For some men — including Harry Styles and Marc Jacobs — pearls aren’t so much classic as they are unexpected. Ruben N. Musca, the head of production at a creative agency in Washington, D.C., said that he “splurged” on a strand of cultured pearls to wear at his wedding reception in May 2021. He now wears pearls almost every day. He is inspired by the Formula 1 driver Lewis Hamilton, who is often seen wearing pearl necklaces during news conferences after his races, Mr. Musca said.
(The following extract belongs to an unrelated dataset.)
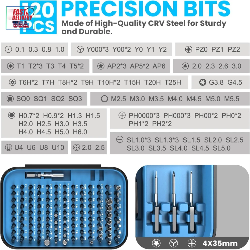 Store New Arrivals Add to Favorite View Feedback Contact 150 in 1 Precision Screwdriver Set, 120 Bits Full Range Small Screwdriver Set, Magnetic Mini Repair Tool Kit for Ring Doorbell, Laptop, Switch, PS5, Xbox, Macbook, Iphone, Watch, Glasses - Navy Blue Description Item Package Quantity 1 Item dimensions L x W x H 5.9 x 4.3 x 2.1 inches Number of Items 150 Head Style function(f) {var _np=(window.P._namespace("DetailPageProductOverviewTemplatesJava"));if(_np.guardFatal){_np.guardFatal(f)(_np);}else{f(_np);}}(function(P) { P.when('A').execute(function(A){ A.on('a:truncate:po-attribute-truncate-2:updated', function(data) { var isTruncated = !data.truncateInstance.getIfTextFits(); var seeMoreElement = document.getElementById('po-attribute-see-more-id-2'); if(seeMoreElement) { seeMoreElement.style.display = isTruncated ? '' : 'none'; } }) }); })); Tri point, Flat, Torx Security, Torx, Phillips, Square, Gamebit, U-Shaped, Pentalobe, Pozidriv, Triangle, Hex See more Color Blue Material Stainless Steel Batteries Required? No Item Weight 1 pounds Batteries Included? No Model Name Precision Screwdriver Recommended Uses For Product Electronics Item, Home Improvement Special Features Ergonomic Special Feature Ergonomic Product Dimensions 5.9 x 4.3 x 2.1 inches ALL-INCLUSIVE REPAIR TOOL KIT: Cazeyoo Precision Screwdriver Set boasts an extensive bit collection, making it suitable for fixing ring doorbell, Switch, iPhones, iPads, MacBooks, computers, laptops, tablets, PCs, smartphones, watches, gaming consoles (PS3/PS4/PS5, NINTENDO, Xbox), and even glasses. With Tri point, Flat, Torx Security, Torx, Phillips, Square, Gamebit, U-Shaped, Pentalobe, Pozidriv, Triangle, Hex bits, this set tackles a wide range of repairs. BUILT TO LAST, ENGINEERED FOR COMFORT: The Small Screwdriver Set prioritizes both user comfort and tool longevity. The handle surface is made of non-slip silicone, which enhances the friction of the knob, allowing you to maintain precise and accurate work for a long time. The 360° swivel cap offers precise control and effortless maneuverability during intricate repairs. EXCELLENT CONVENIENCE: The Cazeyoo mini repair tool kit incorporates a series of magnetic features to optimize your repairs. Magnetic screwdrivers enhance control and stability for effortless screw placement, preventing them from slipping or getting lost. With a small and exquisite storage box, this will be a must-have all-round tool for you at home and when traveling. HELPER FOR ENTHUSIASTS: In addition to the necessary handle and bits, this precision screwdriver kit also comes with a flexible shaft that allows you to rotate the handle to complete a variety of tasks. We also provide tweezers for easy access to parts, suction cups, pry bars, opening picks, SIM card removal tools, etc. Whether you are a professional repair technician or a DIY enthusiast, it will be your great helper! THE PERFECT GIFT: The most complete precision screwdriver set to meet your needs for disassembling, repairing and reassembling mobile phones, gaming consoles, wearables, laptops, desktops, tablets and more! The Cazeyoo screwdriver set is elegant and compact, and we believe it is a great gift for anyone who loves home improvement projects. Product Description Cazeyoo Precision Screwdriver Set ABOUT US We offer the best prices around on high quality products. Our E-store includes media such as books, movies, music and games while offering electronics, toys, sporting apparel, clothing, tools, general home, garden items and more. SHIPPING We are always working hard to ensure your package arrives as soon as possible. Please understand that some factors like weather, high postal traffic, and the performance of shipping companies are outside of our control. We offer free shipping to the lower 48 states and ship within 2 business days of payment, usually sooner. We do not accept P.O. Boxes. Please provide a physical address. For shipping outside of the continental USA, we only use eBay's Global Shipping Program.The item is shipped to KY and then sent to the rest of the world. International customers are responsible for all duties and taxes. Continue to check out in order to calculate costs for shipping the item to your country. Messages regarding eBay's Global Shipping Program MUST be directed at eBay EXCLUSIVELY. RETURNS We offer a 30-Day Return Policy on items which you are not completely satisfied with. You have the option for a full-refund or an exchange of the item. No returns are available on items shipped outside of the USA. PAYMENT We accept PayPal. CONTACT US This page content is yet to come Please ad us to your favorite seller and visit again later Thank You CUSTOMER SATISFACTION We try our very best to make sure every customer is completely satisfied. If there's a problem, message us! We're happy to help. WE ACCEPT Copyright © 2021 AutoDS. | All Rights Reserved
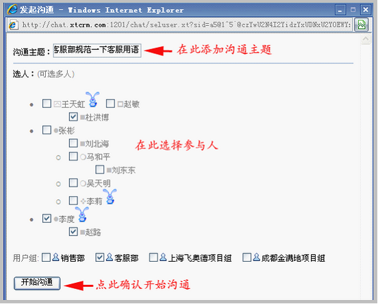 点击后,进入发起沟通界面,填写沟通主题,选择沟通参与人,点击按钮“开始沟通”。如下图:

“I’ve regularly worn gold Cuban link chains, but they didn’t feel dressy enough to wear with a tuxedo jacket,” said Mr. Musca, 38, who sported a formal navy suit and tie for his wedding. “Pearls add a level of softness to otherwise masculine clothing. It’s a nice contrast from traditional to more modern.”
And pearls are not just for jewelry. Julie Sabatino, a bridal stylist based in New York, is adding pearls to shoes and purses for her brides. The pearl-covered Jimmy Choos from the Sacaria line, she said, are one of her most requested shoes for wedding-related events.
“We are seeing pearls even more on the playful pieces, whether that’s a pearl-encrusted mini dress for the after-party or a pearl clutch for the rehearsal dinner,” Ms. Sabatino said.
Pearls aren’t so much replacing other gems — like diamonds — as they are complementing them, she said. Like other stylists, she has seen an increase in pearl-adorned hair accessories and veils.
“Brides are seeking unique pieces as they scroll the sea of sameness on social media,” she said. “That’s done by mixing in a pearl sneaker.”
The appeal for pearls partly comes from how inexpensive they can be, making them a desirable option for couples with varying budgets.
A vast majority of pearls on the market are cultured pearls, which come from oyster farms in regions such as the South Pacific islands, Japan, Australia and China, said Zameer Kassam, a custom jeweler based in New York. In the 1990s, he said, an oversupply flooded the market and the price per unit fell dramatically.
The pearl market is now expected to grow to $42 billion over the next decade, according to an April report from Allied Market Research.
“Pearls can be one of the most economical choices for fine jewelry,” Mr. Kassam said. “They may not necessarily be valuable, but it doesn’t really matter. It exudes a certain degree of class sophistication without being ostentatious.”